I recently got back from my first visit to Reno in three months. I was there for over a week and I'm absolutely exhausted. I was able to accomplish a lot (bought a new kitchen table, took my dog out almost every day, started getting estimates on redoing my backyard) but I think I overdid. That's why I've been staying in Sacramento so long; there aren't many demands on me here and I can just recover. It's not my boyfriend that is pushing me to do so much though, it's me.
The biggest obstacle with my illness is living within my limitations. I constantly struggle with not doing too much and accepting that I'm not a "normal" 26 year-old. A counselor once told me I should stop "shoulding" all over myself. I thought that was funny, yet poignant. I get caught thinking, "I should be getting better fast..." "I shouldn't be so lazy..." "I should be working..." Of course that's ridiculous because healing has no schedule, I'm really not lazy, and at this point (as well as the foreseeable future) I can't work.
I wish I could say that this all gets easier, but I'm not sure it does. Every time I accept my limitations, they change. To be honest, I'm still coming to grips with the fact that I have two incurable diseases. I have always been an overachiever and my illness has forced me to reign in my expectations about what I thought my life would be at this point.

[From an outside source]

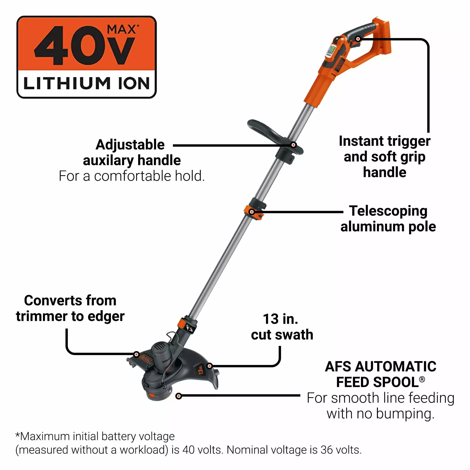 - Maximum initial battery voltage (measured without a workload) is 40 volts; nominal voltage is 36

It's funny, my mom's coworkers are always asking her, "Is Megan's boyfriend still around?" I suppose they can't fathom a healthy person sticking by the side of someone who is sick. And to be honest before my boyfriend I couldn't imagine it either. I always saw myself as damaged because of my illness, and in a lot of ways I still do. Before I got sick at 21, I honestly don't think I could have seriously dated someone with so many health issues. The greatest thing is my boyfriend doesn't think of me as ill (yeah, he may be delusional) and accepts my limitations. I am constantly amazed that we're still together because he puts up with so much. Relationships are really a lot of work, but double that when someone is in chronic pain. My recommendation is don't get into a relationship when you're at your worst. Even if he/she is the perfect person for you it probably won't work since you can't start off on equal footing.